At the moment I think that Romania needs a bit of will and when I say will, I am referring especially to the area of entrepreneurship. There are companies that want more than what is happening at the moment and I think that at this time, Romanian entrepreneurs should think and try to imagine a system in which we, as corporations and as entrepreneurs, can get in direct contact with the citizen who is both a consumer and a generator of waste and try to redesign our waste management. How could we get rid of the dumpsters and garbage chutes that we still have after so many years in our apartment buildings? Or if we call a courier to our house with a product, can’t we return the packaging with that same courier? How can we work with retailers who have take-back systems for packaging?
But I’d like to come back to a positive side, because it can be done, there are so many examples in Romania, where local authorities and citizens want to do more and are getting involved in this area. I am also glad that the banks are financing sustainability. We’ll send out a quick email with all the projects we have in the area of waste management. But we have to be realistic that for now, in the area of waste management banks and investment companies still see a risk. There is still low transparency. We don’t know if in reality there are only reports circulating that there is recycling or there is really waste circulating, but there are projects and we can move forward.
At the moment, we have a deal with EBRD, through which we are totally reorganising ourselves to be able to cope better with investments and to be able to really develop nationally and regionally, with the services that we do. We are trying to transform all our services, from extended producer responsibility, to recycling, collection centres, or direct collection, into a one stop shop of circular economy in the area of packaging. I think the new generation, Generation Z, will push us much harder than we think. Yet the circular economy is often seen in terms of a cost. We still have a sustainability cost. That cost needs to be much lower than the risk of losing the market, the risk of losing the trust of the end consumer, and I think it’s not long until that time.” Ionut Georgescu had to say about waste management, recycling and packaging.

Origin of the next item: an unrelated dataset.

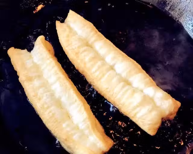 油條胚放入能馬上浮起來,馬上用筷子輔助讓油條直溜溜的,建議每次只炸兩根油條啊,因為炸制過程中要用筷子不斷翻動油條,使油條充分膨脹。炸多了實在是顧不過來,慌亂的很。

How Romania ranks in terms of implementing sustainable practices in the economy compared to other countries. Are we better positioned? What has been done so far and what do we need to do next?
“Claudiu Sabau’s (Head of Client Coverage at ING Bank Romania, and also a speaker in the Sustainable Business Panel at ESS2021) comparison, with the train leaving the station and starting to pick up speed, is very apt. No one imagines that Romania would be among the first cars of that train, but it is not among the last cars either.
We are very lucky to be members of the European Union which is pulling us in this direction. The best indicator is the way Romanian citizens see the circular economy and address environmental and social issues in this area. Last year, FEPRA, together with ISOP, did a study on how citizens perceive certain realities in the market and it was a very interesting study, even a difficult one to understand. It was about 200 pages of demographic analysis and also on other criteria, but the result was overwhelming.
In recent years the issues of waste management, clean air, green cities have started to grow very, very much in the interest of citizens and their desire is to get even more involved. We have seen through this study how citizens are not only theoretically involved, but also actively. One of the questions was if Romanians are willing to pay more for certain products that are indeed sustainable, organic, green and already a large part of Romanians are starting to say yes.
Well, from saying to doing it is still a long way, but if we look at the supermarket shelves, we start to see more and more organic products. The more organic products we have on the shelves, with reusable packaging, less plastic, more glass, the more those consumers will be demanding them.
And there’s another important thing here, which we need to understand in Romania as well, and where they are trying to change perceptions globally. What are the real costs of a product? Are all costs included in the products we buy? The answer is categorically no! If we included all the costs and the environmental impact a product can have, we would understand the impact of our consumption and a cup of coffee is a very good example for this. Dozens of litres of water are consumed for us to drink a small cup of coffee. From the water that is used to for irrigation, the water that is used by people when they pick the coffee beans, to the water that is used in the washing process or the production process and so on. There are dozens of litres for a cup of coffee. Hundreds of litres for a T-shirt, hundreds of litres when we talk about a piece of meat.
Now we also have to look at the purchasing power of Romanians, because if Bucharest has a GDP that has surpassed cities like Rome or Madrid, the rest of the country is much further behind in terms of purchasing power. And Maslow’s Pyramid says we first need to look at our basic needs. Sustainability is a little bit higher up.
To give a conclusion to this question, I think we are on the right track and Romanians and Romania will increasingly adopt these attitudes of becoming sustainable, of consuming sustainably, but we will see this with an increase in education levels, with the increase in purchasing power and with the increase in our involvement as citizens, because if we look at sustainability, I think we are far behind other countries in our involvement as citizens.”